What to do >> Sort through the material below and copy each line with "Mini".

Material for the task >>
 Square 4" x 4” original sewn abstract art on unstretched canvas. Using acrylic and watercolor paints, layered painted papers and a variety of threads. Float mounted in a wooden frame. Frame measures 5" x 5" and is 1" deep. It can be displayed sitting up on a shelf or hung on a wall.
---
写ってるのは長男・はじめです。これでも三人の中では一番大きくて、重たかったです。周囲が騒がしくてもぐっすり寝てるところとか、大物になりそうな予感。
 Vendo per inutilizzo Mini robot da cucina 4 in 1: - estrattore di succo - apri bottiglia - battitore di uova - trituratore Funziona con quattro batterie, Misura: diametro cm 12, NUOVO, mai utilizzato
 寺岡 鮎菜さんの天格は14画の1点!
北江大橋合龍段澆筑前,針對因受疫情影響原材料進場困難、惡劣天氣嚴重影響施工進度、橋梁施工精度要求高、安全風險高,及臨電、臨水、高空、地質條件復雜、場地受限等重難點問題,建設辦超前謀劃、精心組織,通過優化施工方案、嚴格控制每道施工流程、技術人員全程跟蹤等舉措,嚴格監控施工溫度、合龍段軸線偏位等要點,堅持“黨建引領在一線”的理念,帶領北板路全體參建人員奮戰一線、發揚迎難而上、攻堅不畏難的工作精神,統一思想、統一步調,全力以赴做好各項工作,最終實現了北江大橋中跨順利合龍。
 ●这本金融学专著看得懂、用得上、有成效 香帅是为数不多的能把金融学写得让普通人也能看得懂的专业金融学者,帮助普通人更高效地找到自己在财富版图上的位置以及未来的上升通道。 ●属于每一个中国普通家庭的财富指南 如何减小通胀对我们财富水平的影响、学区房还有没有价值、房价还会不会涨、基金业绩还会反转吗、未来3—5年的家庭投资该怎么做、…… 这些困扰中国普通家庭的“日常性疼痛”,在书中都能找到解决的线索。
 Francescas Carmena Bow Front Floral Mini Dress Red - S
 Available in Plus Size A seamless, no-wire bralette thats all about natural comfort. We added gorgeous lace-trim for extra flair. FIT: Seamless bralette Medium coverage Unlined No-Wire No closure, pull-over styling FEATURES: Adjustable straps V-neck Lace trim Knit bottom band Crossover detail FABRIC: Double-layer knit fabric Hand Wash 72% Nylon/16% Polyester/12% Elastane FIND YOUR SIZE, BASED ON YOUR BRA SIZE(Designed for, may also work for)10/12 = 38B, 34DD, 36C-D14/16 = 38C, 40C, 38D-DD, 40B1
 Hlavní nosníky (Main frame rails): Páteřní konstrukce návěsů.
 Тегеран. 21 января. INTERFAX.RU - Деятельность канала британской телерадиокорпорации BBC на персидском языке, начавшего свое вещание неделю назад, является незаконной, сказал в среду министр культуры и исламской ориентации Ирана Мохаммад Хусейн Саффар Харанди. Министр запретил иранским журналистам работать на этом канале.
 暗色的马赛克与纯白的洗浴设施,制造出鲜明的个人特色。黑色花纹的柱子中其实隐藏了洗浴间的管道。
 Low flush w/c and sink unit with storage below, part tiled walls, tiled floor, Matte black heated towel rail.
---
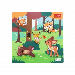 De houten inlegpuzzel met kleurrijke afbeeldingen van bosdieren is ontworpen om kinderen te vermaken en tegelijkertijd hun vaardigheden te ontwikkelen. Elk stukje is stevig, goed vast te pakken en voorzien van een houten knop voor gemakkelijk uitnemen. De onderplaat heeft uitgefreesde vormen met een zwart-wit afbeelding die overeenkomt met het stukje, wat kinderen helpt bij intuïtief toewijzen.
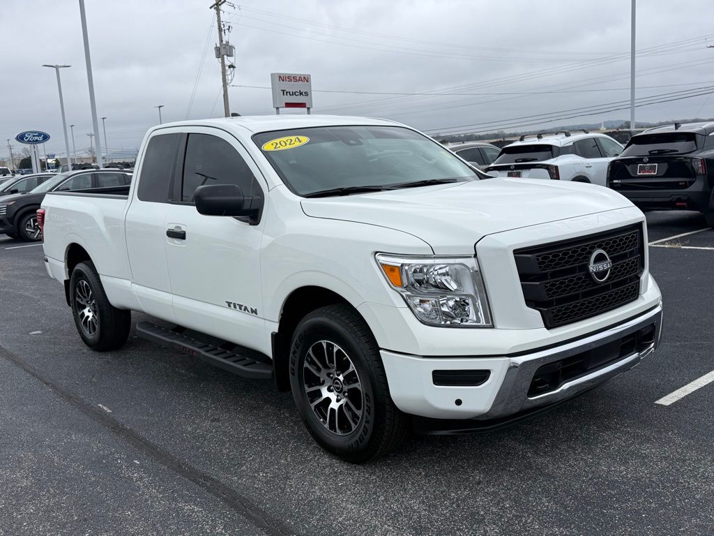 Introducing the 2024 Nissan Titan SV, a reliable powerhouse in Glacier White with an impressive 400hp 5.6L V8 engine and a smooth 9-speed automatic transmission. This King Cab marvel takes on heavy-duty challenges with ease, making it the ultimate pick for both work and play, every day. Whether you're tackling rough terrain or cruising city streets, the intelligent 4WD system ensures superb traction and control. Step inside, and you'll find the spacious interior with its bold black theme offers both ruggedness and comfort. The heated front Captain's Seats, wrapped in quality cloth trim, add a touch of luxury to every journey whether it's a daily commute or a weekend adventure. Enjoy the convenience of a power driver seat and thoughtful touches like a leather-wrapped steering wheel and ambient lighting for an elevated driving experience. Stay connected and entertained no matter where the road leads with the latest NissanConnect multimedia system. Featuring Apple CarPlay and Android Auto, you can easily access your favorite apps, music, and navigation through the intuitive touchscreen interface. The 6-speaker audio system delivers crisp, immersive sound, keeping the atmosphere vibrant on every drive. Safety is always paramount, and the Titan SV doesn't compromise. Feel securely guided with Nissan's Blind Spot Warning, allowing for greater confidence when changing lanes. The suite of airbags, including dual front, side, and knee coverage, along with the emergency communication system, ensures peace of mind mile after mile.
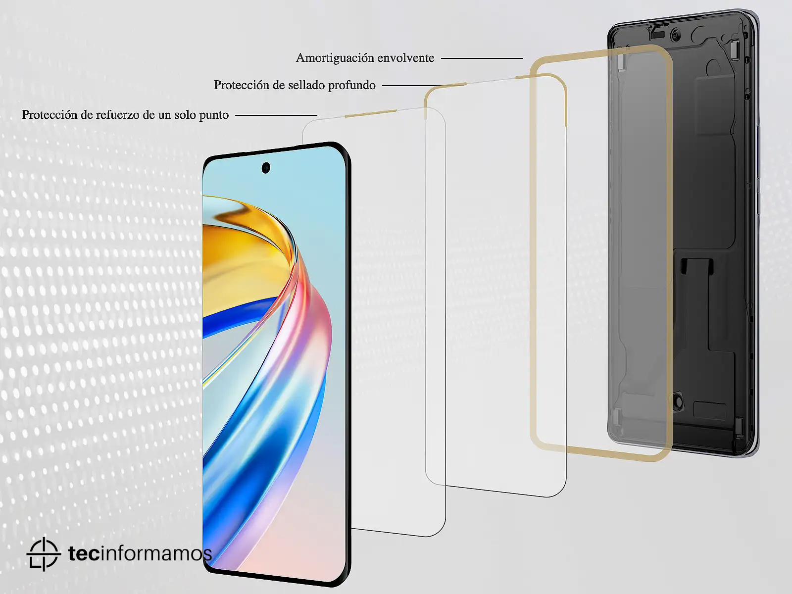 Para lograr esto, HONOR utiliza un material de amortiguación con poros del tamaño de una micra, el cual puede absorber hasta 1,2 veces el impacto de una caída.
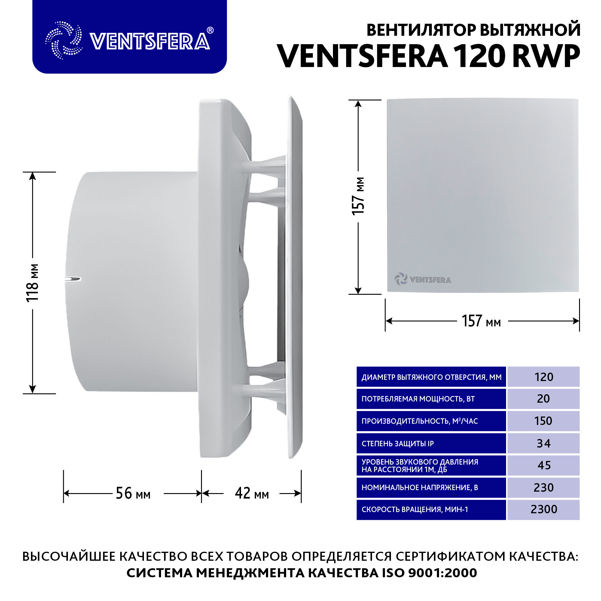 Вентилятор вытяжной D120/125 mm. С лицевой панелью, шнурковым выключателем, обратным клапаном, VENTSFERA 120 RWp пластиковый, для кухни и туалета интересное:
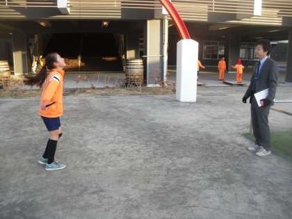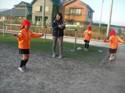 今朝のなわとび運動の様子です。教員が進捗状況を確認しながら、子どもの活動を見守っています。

Exercise response >>
 Vendo per inutilizzo Mini robot da cucina 4 in 1: - estrattore di succo - apri bottiglia - battitore di uova - trituratore Funziona con quattro batterie, Misura: diametro cm 12, NUOVO, mai utilizzato
 Francescas Carmena Bow Front Floral Mini Dress Red - S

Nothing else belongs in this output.